## Exercise instructions
Please repeat, precisely as written, only the lines from the one containing "プレミアム健康管理フード | |" through the last line of the records below, pictures omitted.

## Material for this task
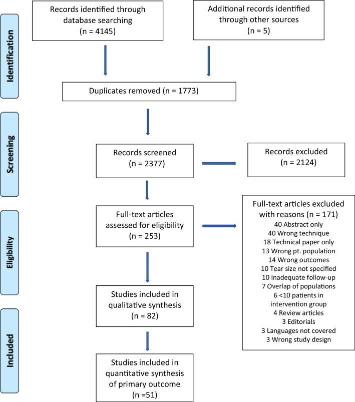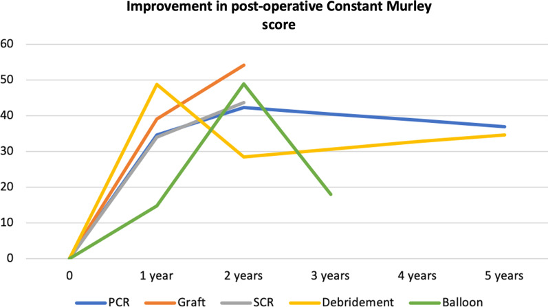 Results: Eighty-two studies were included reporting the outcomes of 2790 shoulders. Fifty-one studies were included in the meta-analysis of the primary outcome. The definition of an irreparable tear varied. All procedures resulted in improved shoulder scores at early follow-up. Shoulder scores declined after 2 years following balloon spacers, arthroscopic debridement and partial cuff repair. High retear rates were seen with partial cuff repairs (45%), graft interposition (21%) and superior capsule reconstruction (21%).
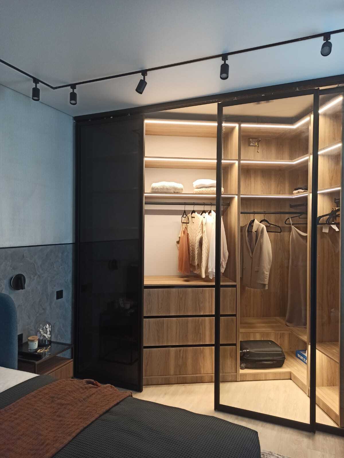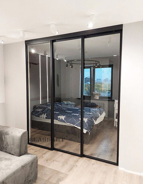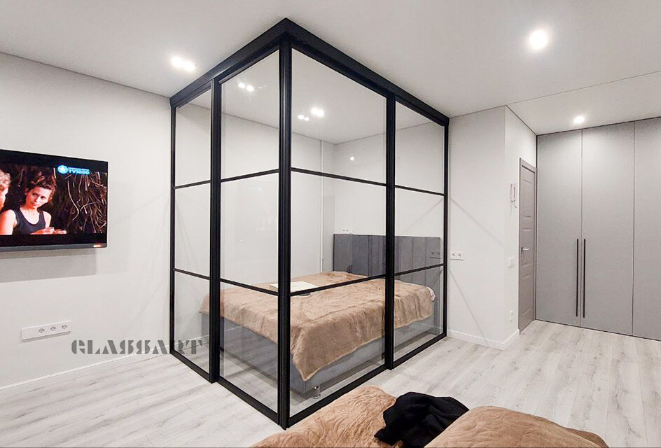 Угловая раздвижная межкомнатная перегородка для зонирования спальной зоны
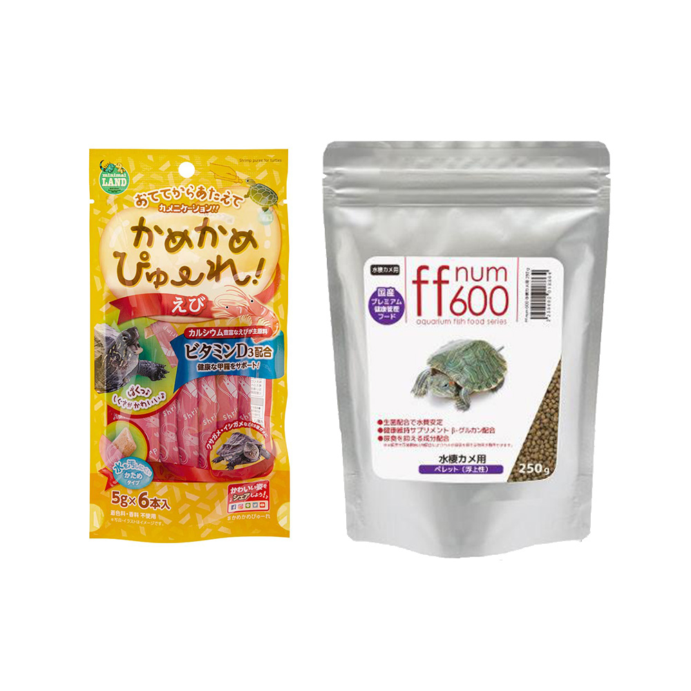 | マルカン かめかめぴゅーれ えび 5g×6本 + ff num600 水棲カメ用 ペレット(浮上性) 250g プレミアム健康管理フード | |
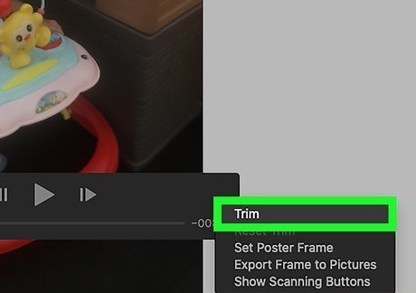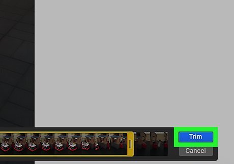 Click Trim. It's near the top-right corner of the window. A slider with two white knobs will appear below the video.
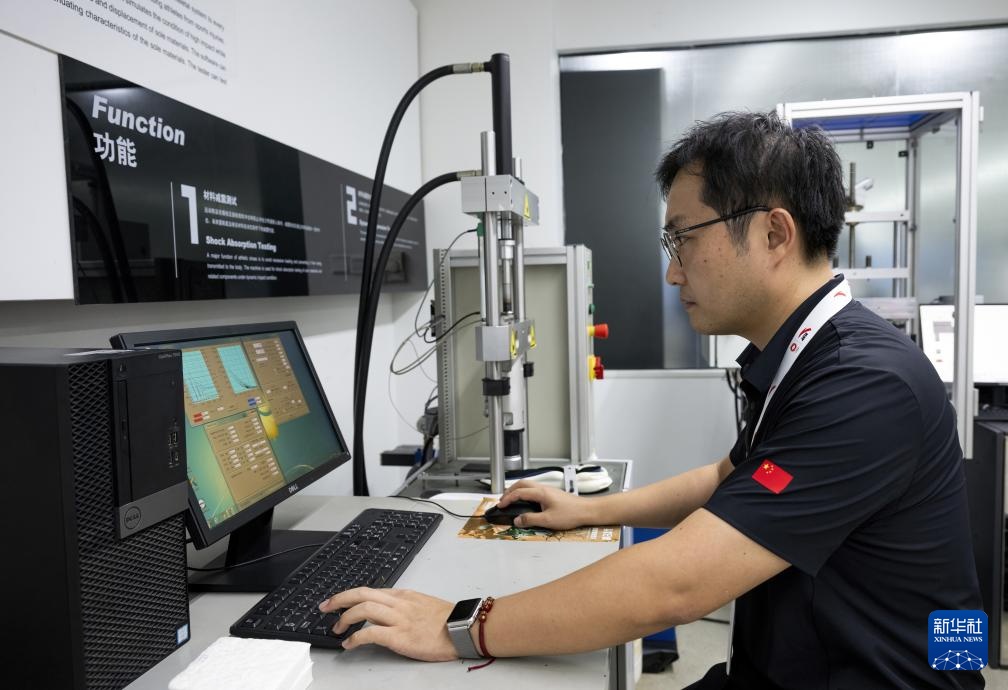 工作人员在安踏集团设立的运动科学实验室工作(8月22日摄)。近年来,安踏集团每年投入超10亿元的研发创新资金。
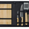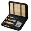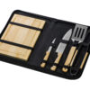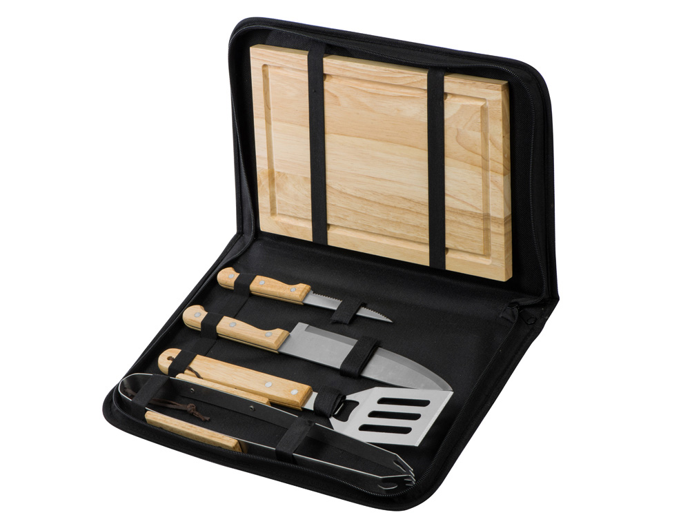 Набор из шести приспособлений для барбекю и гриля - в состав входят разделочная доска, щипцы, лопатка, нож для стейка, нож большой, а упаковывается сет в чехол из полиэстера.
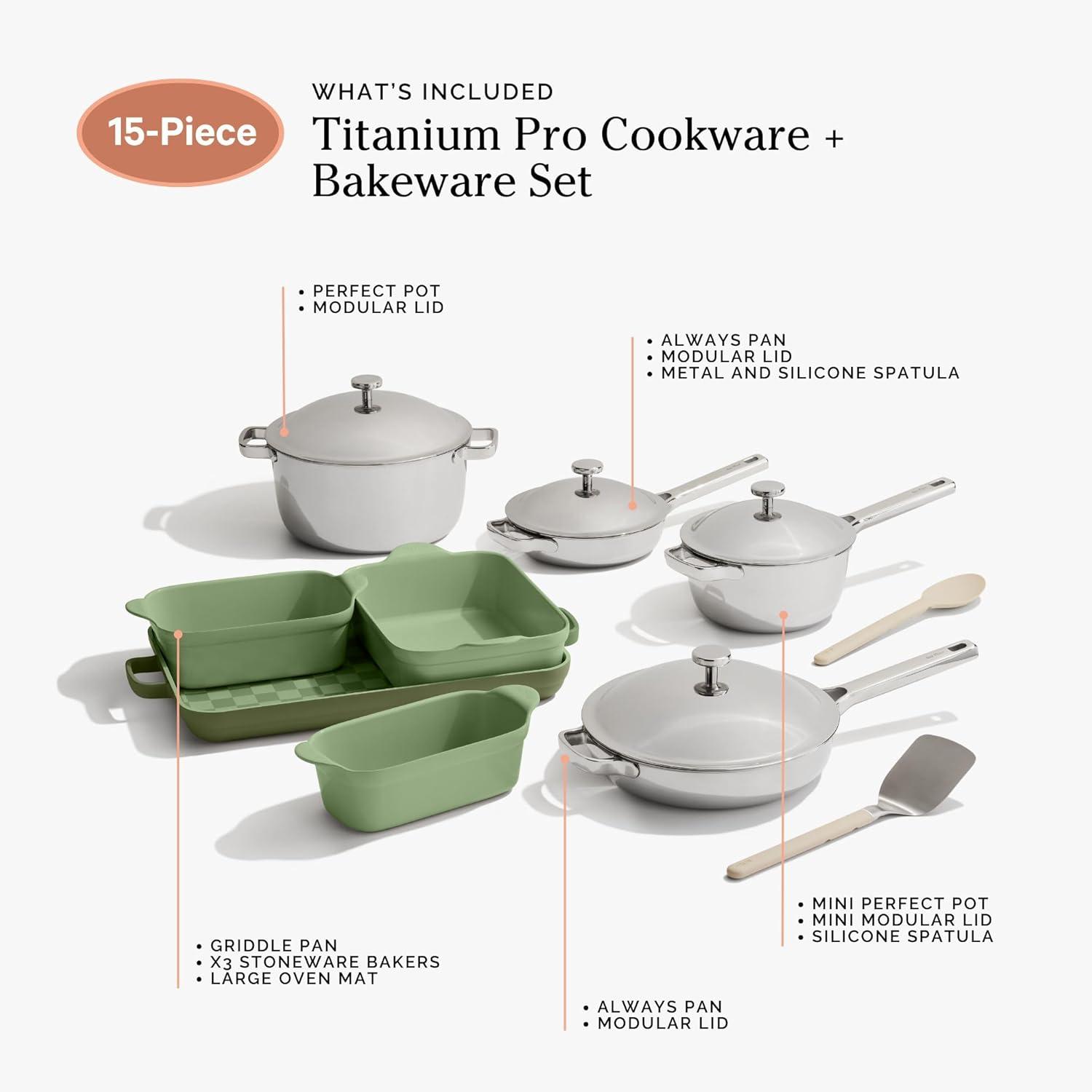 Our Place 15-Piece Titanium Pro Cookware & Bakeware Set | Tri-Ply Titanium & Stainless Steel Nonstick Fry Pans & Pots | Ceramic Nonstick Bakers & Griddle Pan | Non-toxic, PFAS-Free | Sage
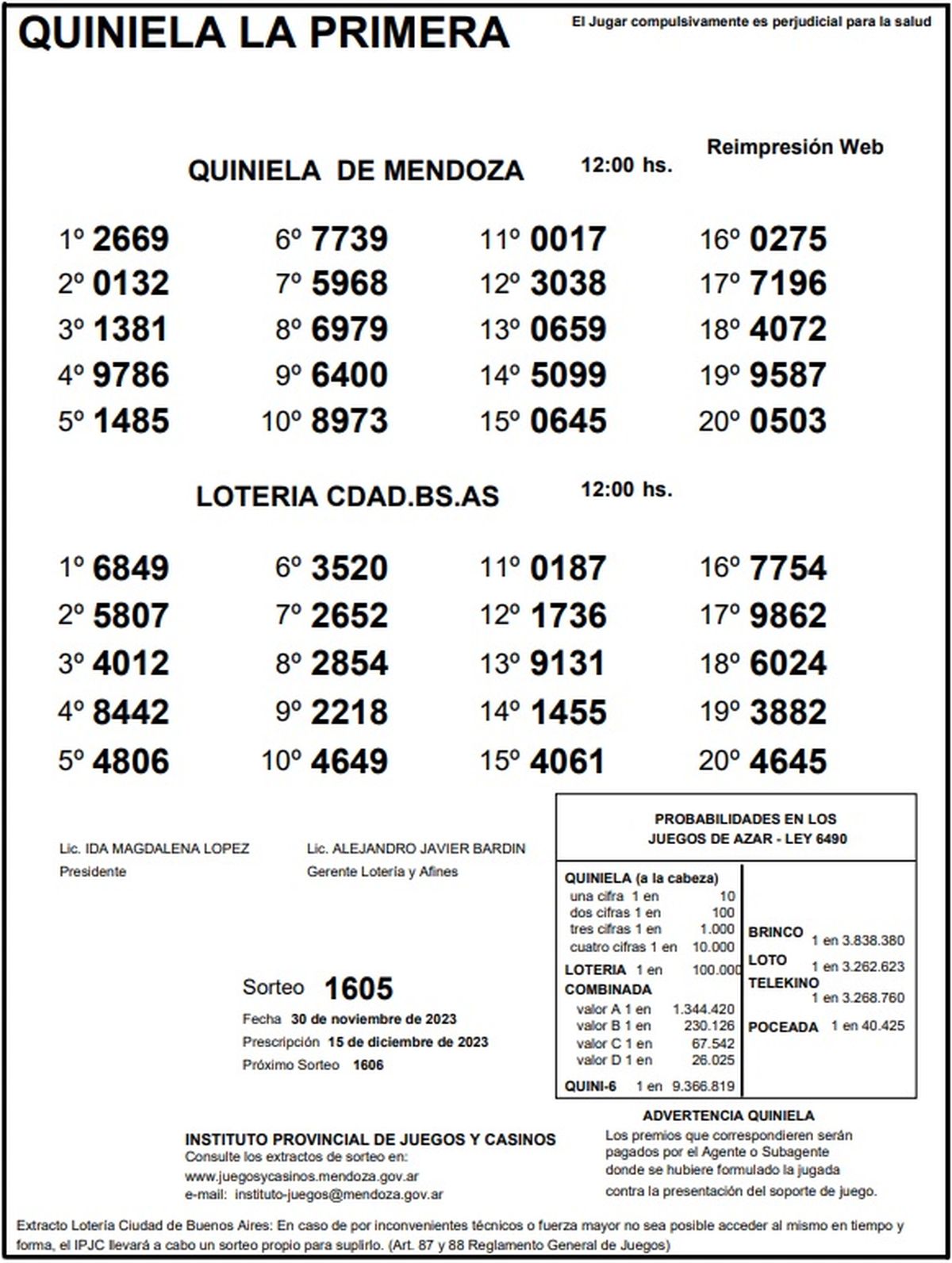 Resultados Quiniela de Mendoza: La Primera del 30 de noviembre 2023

## The completed task
 | マルカン かめかめぴゅーれ えび 5g×6本 + ff num600 水棲カメ用 ペレット(浮上性) 250g プレミアム健康管理フード | |
 Click Trim. It's near the top-right corner of the window. A slider with two white knobs will appear below the video.
 工作人员在安踏集团设立的运动科学实验室工作(8月22日摄)。近年来,安踏集团每年投入超10亿元的研发创新资金。
 Набор из шести приспособлений для барбекю и гриля - в состав входят разделочная доска, щипцы, лопатка, нож для стейка, нож большой, а упаковывается сет в чехол из полиэстера.
 Our Place 15-Piece Titanium Pro Cookware & Bakeware Set | Tri-Ply Titanium & Stainless Steel Nonstick Fry Pans & Pots | Ceramic Nonstick Bakers & Griddle Pan | Non-toxic, PFAS-Free | Sage
 Resultados Quiniela de Mendoza: La Primera del 30 de noviembre 2023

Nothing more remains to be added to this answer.